I tried to add more routers and border routers to the mix, tried on a different Thread network using Aqara's border routers only and through HA I still get the Msg Retransmission message.

During the update I could ping the devices and the response times were much better (between 40 to 150ms in some cases).

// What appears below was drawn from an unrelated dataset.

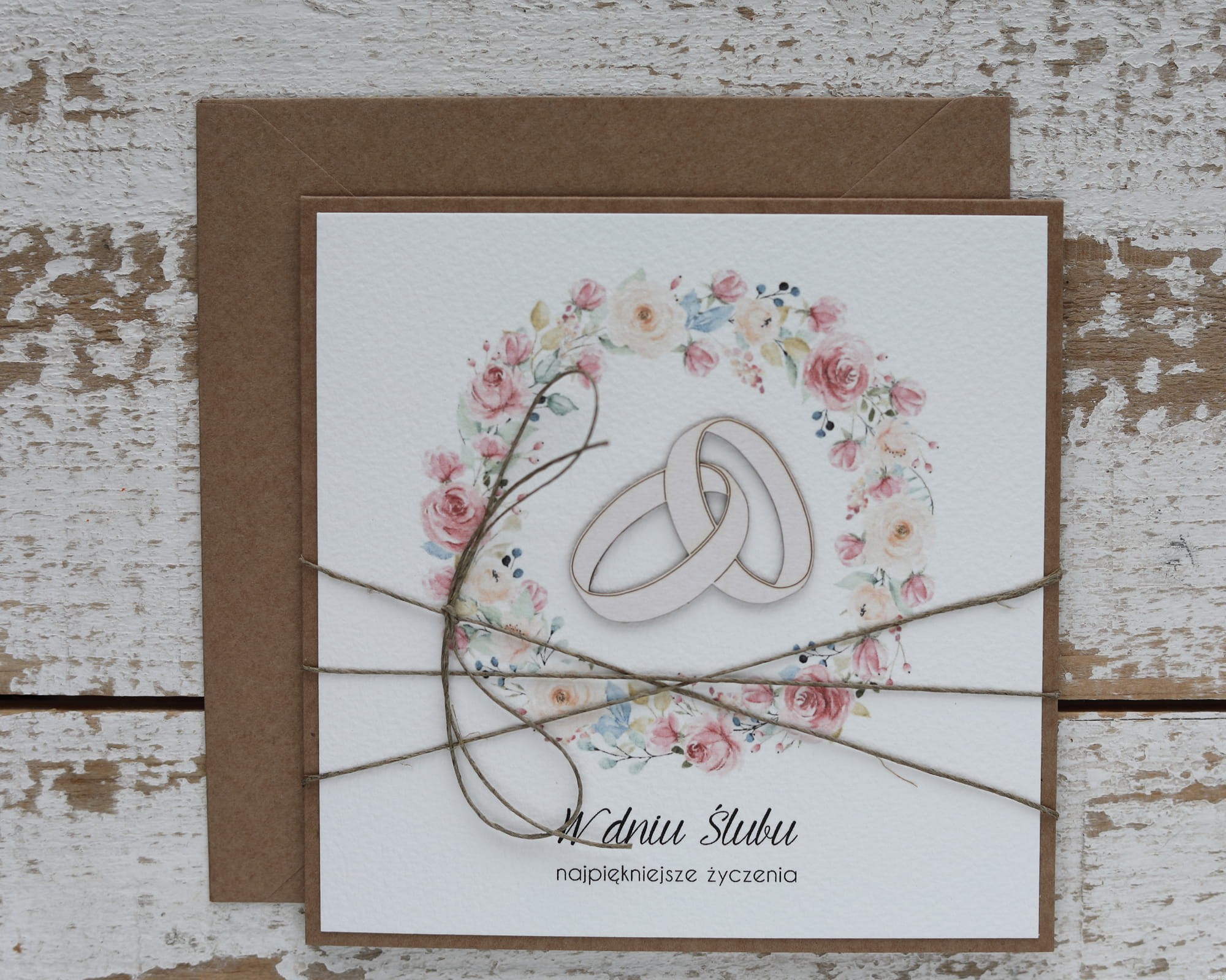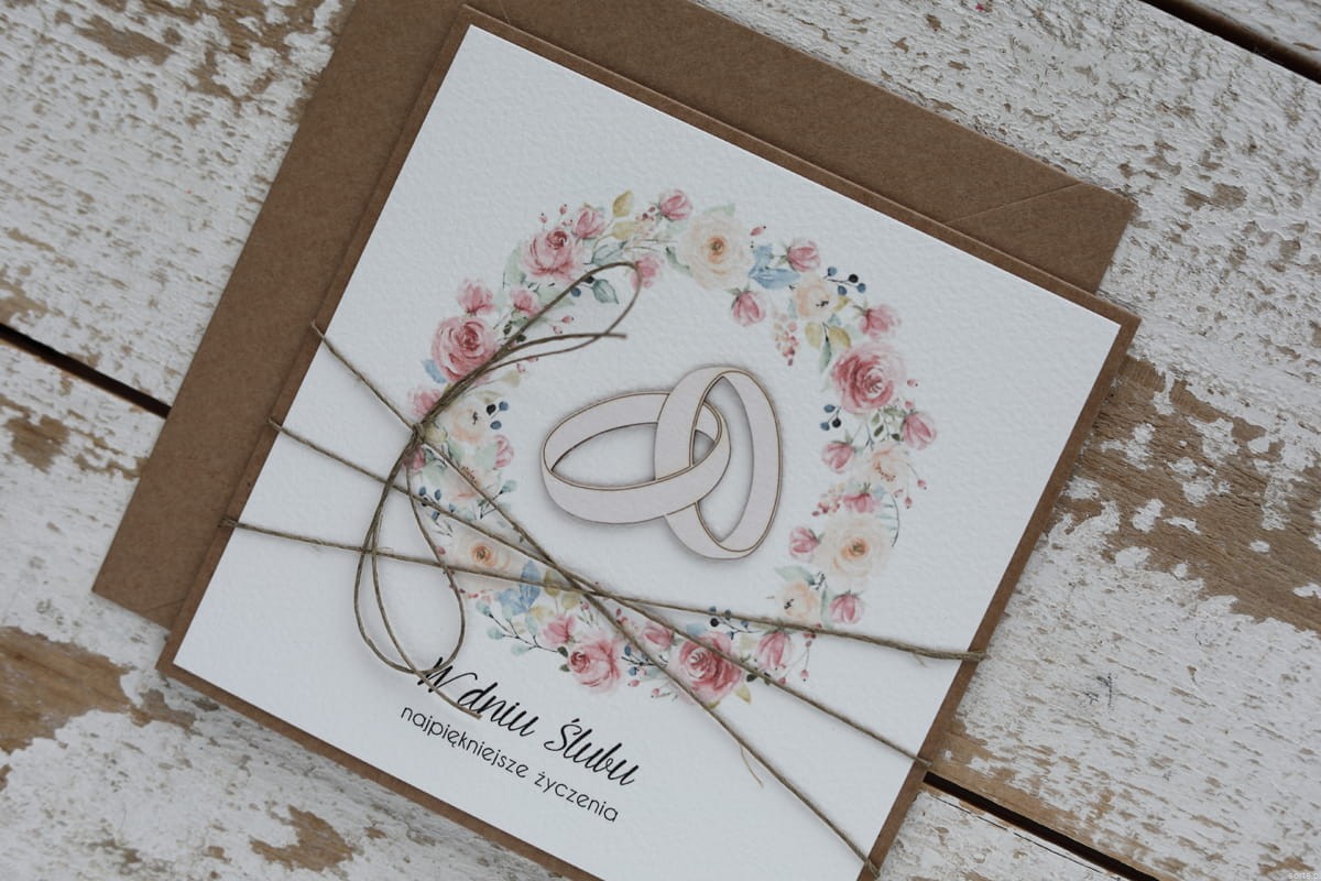 Ręcznie robiona kartka na ślub z obrączkami w wianuszku

Looking at the logs in the update folder it seems that it just hangs at the end of the process: https://dpaste.org/nkO02

[1757703513.540035][272:272] CHIP:DIS: SRV record already actively processed.
[1757703516.472866][272:272] CHIP:EM: <<3 [E:45100r with Node: <000000000000000B, 1> S:936 M:216794548] (S) Msg Retransmission to 1:000000000000000B
[1757703516.473331][272:272] CHIP:EM: ??4 [E:45100r with Node: <000000000000000B, 1> S:936 M:216794548] (S) Msg Retransmission to 1:000000000000000B in 7643ms [State:Idle II:16800 AI:2200 AT:300]
[1757703524.117112][272:272] CHIP:EM: <<4 [E:45100r with Node: <000000000000000B, 1> S:936 M:216794548] (S) Msg Retransmission to 1:000000000000000B
[1757703524.117606][272:272] CHIP:EM: ??5 [E:45100r with Node: <000000000000000B, 1> S:936 M:216794548] (S) Msg Retransmission to 1:000000000000000B in 12162ms [State:Idle II:16800 AI:2200 AT:300]
[1757703536.280263][272:272] CHIP:EM: <<5 [E:45100r with Node: <000000000000000B, 1> S:936 M:216794548] (S) Msg Retransmission to 1:000000000000000B
[1757703536.280747][272:272] CHIP:EM: ??6 [E:45100r with Node: <000000000000000B, 1> S:936 M:216794548] (S) Msg Retransmission to 1:000000000000000B in 16795ms [State:Idle II:16800 AI:2200 AT:300]
[1757703552.810798][272:272] CHIP:DL: Select failed: src/system/SystemLayerImplSelect.cpp:714: OS Error 0x02000004: Interrupted system call
[1757703552.810949][272:272] CHIP:ZCL: Emitting ShutDown event 
#

Unfortunately I can't test if the sensor can be updated in other platforms. Apple Home never reports a new update and I believe Aqara only updates their devices and won't communicate with the DCL

languid ocean
#

interesting. to me this log seems relatively short. I would have expected a log showing 50 to 100 transmitted chunks with a couple of log lines for each chunk. I have seen ota files of 800k and larger.